(Stored data)

◇ ◇ ◇

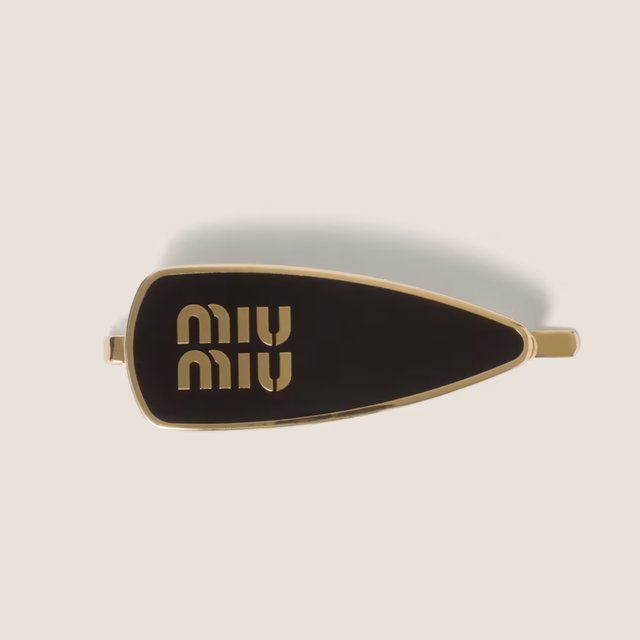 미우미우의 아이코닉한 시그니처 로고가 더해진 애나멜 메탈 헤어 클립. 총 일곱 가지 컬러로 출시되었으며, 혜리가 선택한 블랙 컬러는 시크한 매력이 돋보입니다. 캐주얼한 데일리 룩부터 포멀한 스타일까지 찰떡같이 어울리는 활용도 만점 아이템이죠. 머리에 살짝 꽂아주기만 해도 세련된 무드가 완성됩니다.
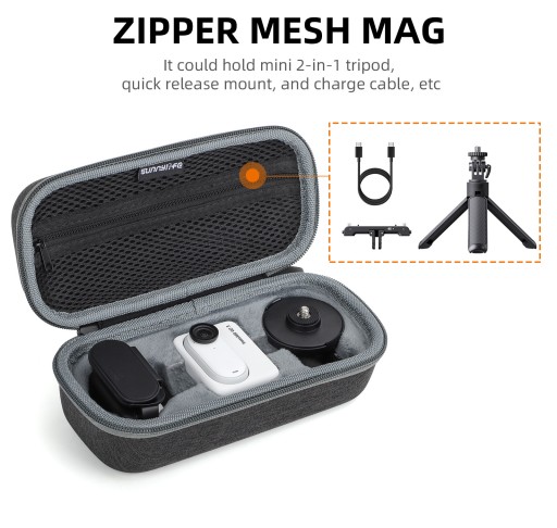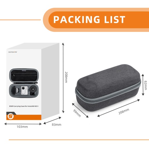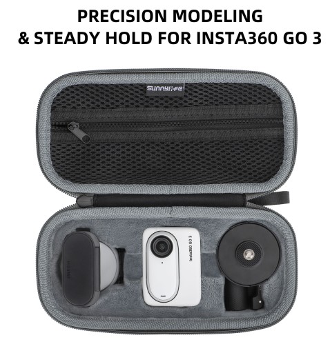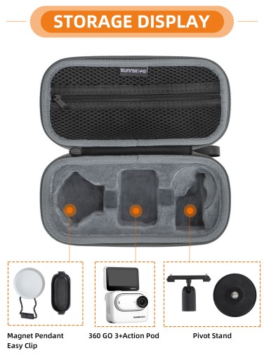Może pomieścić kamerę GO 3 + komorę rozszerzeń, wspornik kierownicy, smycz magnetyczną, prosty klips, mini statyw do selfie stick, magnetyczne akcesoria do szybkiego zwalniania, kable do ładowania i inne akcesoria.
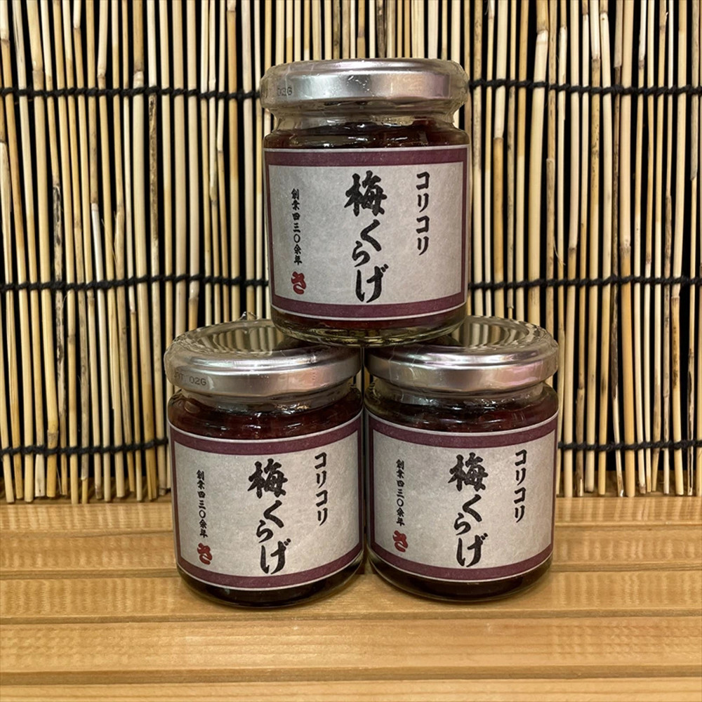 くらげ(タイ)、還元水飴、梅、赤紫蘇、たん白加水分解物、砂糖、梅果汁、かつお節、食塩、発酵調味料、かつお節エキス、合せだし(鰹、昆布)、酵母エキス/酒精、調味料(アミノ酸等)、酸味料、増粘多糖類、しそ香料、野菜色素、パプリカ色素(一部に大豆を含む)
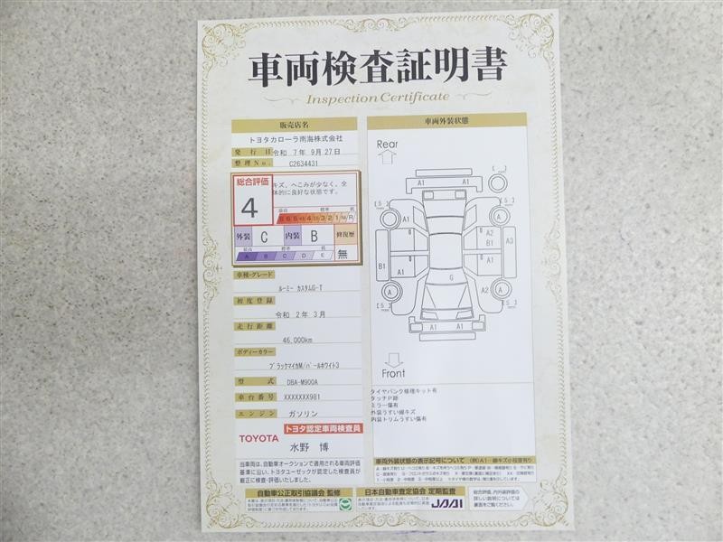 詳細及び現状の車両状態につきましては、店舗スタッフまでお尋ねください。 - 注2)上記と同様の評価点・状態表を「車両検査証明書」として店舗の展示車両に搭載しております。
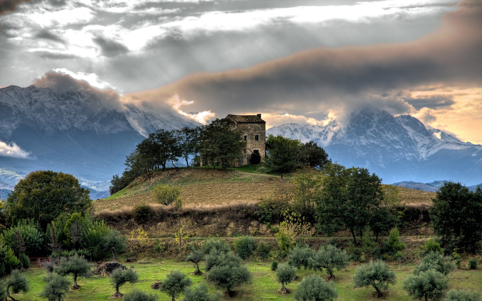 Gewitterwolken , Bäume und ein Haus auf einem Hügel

◇ ◇ ◇

Task requirements:
Please copy exactly the lines from the one containing "Może pomieścić kamerę" through the end of the records above, leaving out every picture.

Reply:
Może pomieścić kamerę GO 3 + komorę rozszerzeń, wspornik kierownicy, smycz magnetyczną, prosty klips, mini statyw do selfie stick, magnetyczne akcesoria do szybkiego zwalniania, kable do ładowania i inne akcesoria.
 くらげ(タイ)、還元水飴、梅、赤紫蘇、たん白加水分解物、砂糖、梅果汁、かつお節、食塩、発酵調味料、かつお節エキス、合せだし(鰹、昆布)、酵母エキス/酒精、調味料(アミノ酸等)、酸味料、増粘多糖類、しそ香料、野菜色素、パプリカ色素(一部に大豆を含む)
 詳細及び現状の車両状態につきましては、店舗スタッフまでお尋ねください。 - 注2)上記と同様の評価点・状態表を「車両検査証明書」として店舗の展示車両に搭載しております。
 Gewitterwolken , Bäume und ein Haus auf einem Hügel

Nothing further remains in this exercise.